In estimating the difference between two means in the two-sample problem, let $X_{i j}$ be independent and normally distributed with mean $μ_{j}$ and variance $σ_{j}^{2}$ , $i = 1, ..., n_{j}$ (original sample sizes), $j = 1, 2$ . Let ${\bar{X}}_{n_{j}} = \sum_{i = 1}^{n_{j}} X_{i j} / n_{j}$ and $S_{j}^{2} = \sum_{i = 1}^{n_{j}} {(X_{i j} - {\bar{X}}_{n_{j}})}^{2} / (n_{j} - 1)$ be the original sample means and variances for the j^th group. The replication samples are independent of the original samples for a replication study. Moreover, the replication and original samples in Group 1 are from the same distribution. This condition also holds for Group 2. The two replication sample means are denoted as ( ${\bar{X}}_{m_{1}}, {\bar{X}}_{m_{2}}$ ) with the given replication sample sizes ( $m_{1}, m_{2}$ ). The present study then adopted the methods from Hahn (1977) and Niwitpong and Niwitpong (2008), respectively, and employed two precisions, i.e., the absolute and relative widths, to calculate the original sample size needed. In the following, we further consider cost constraints and use optimal sample allocations to demonstrate the features of the proposed approaches.

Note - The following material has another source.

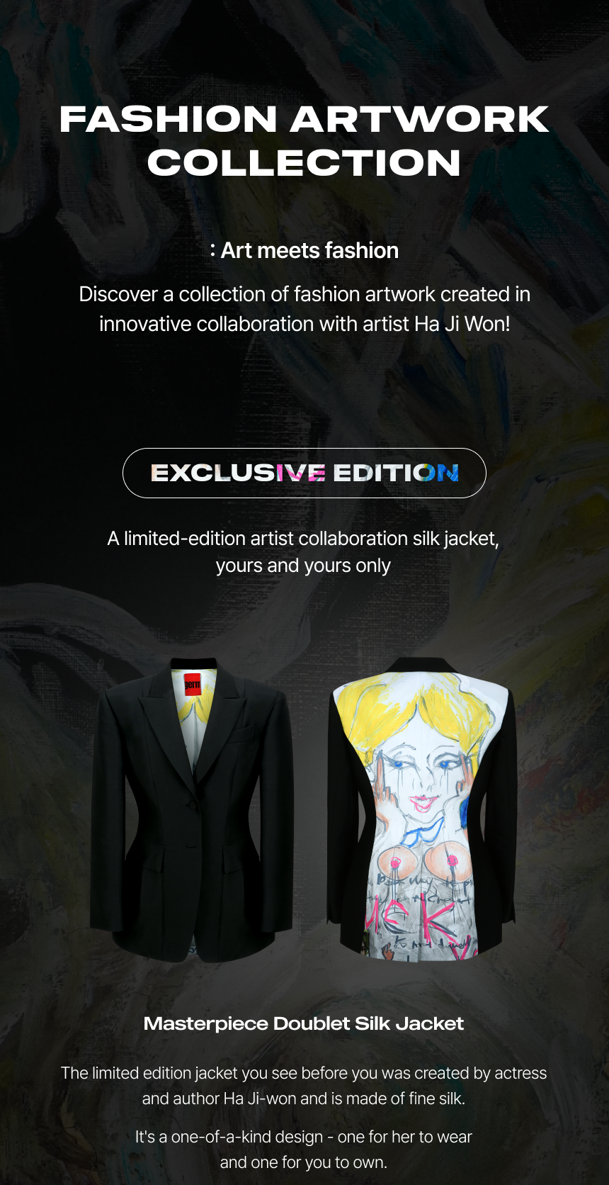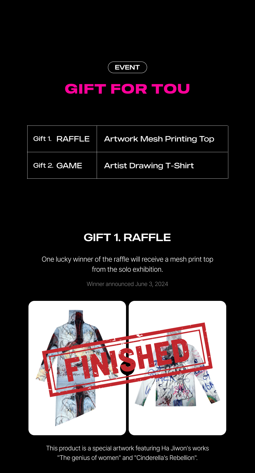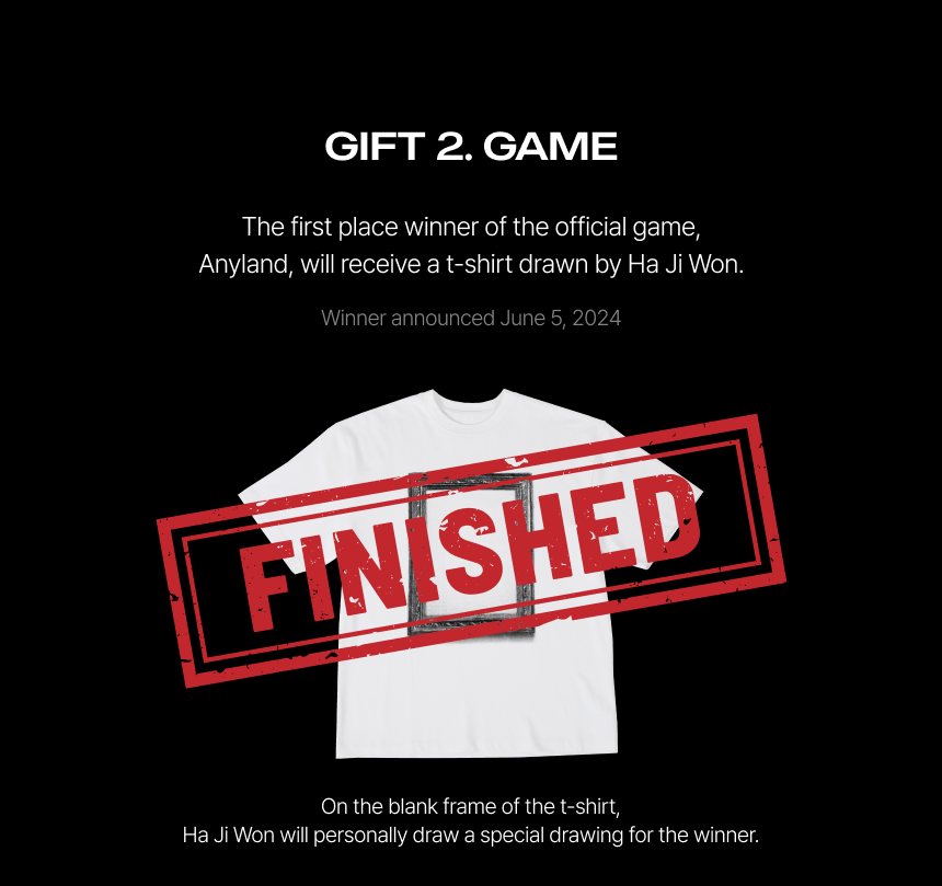 EVENT. 전시 기간동안 다양한 이벤트 추첨을 통하여 작가 하지원의 개인전에 전시된 메쉬 프린팅 탑과 드로잉 트셔츠를 받을 수 있는 기회를 드립니다. 기간 : 24.05.10 ~ 24.06.08

A constraint of total cost for the original sample is $C_{n} = c_{1} n_{1} + c_{2} n_{2}$ with the sampling unit costs ( $c_{1}, c_{2}$ ), then, $n_{1} = C_{n} / (c_{1} + k c_{2})$ and $n_{2} = n_{1} k$ can be obtained. The allocation ratio for the original sample is $k = n_{2} / n_{1}$ . Note, if the total cost is constrained, the optimal allocation ratio is set as $(σ_{2} / σ_{1}) \sqrt{c_{1} / c_{2}}$ (Luh, 2022; Pentico, 1981) for Hahn’s statistic and $\sqrt{η c_{1} / c_{2}}$ Niwitpong’s statistic, where $η$ is the ratio of $σ_{2}^{2} / σ_{1}^{2}$ .

Hahn’s Method

The test statistic in Hahn (1977) is

T_{2} = \frac{{\bar{X}}_{n_{1}} - {\bar{X}}_{n_{2}} - ({\bar{X}}_{m_{1}} - {\bar{X}}_{m_{2}})}{\sqrt{\frac{S_{1}^{2}}{n_{1}} + \frac{S_{2}^{2}}{n_{2}} + \frac{S_{1}^{2}}{m_{1}} + \frac{S_{2}^{2}}{m_{2}}}} = \frac{{\bar{X}}_{n_{1}} - {\bar{X}}_{n_{2}} - ({\bar{X}}_{m_{1}} - {\bar{X}}_{m_{2}})}{\sqrt{a_{1} S_{1}^{2} + a_{2} S_{2}^{2}}}

where $a_{1} = 1 / n_{1} + 1 / m_{1}$ , $a_{2} = 1 / n_{2} + 1 / m_{2}$ , $S_{1}^{2}$ and $S_{2}^{2}$ are the original sample variances of Groups 1 and 2, respectively. The random variable

2

(a_{1} S_{1}^{2} + a_{2} S_{2}^{2})/(a_{1} σ_{1}^{2} + a_{2} σ_{2}^{2})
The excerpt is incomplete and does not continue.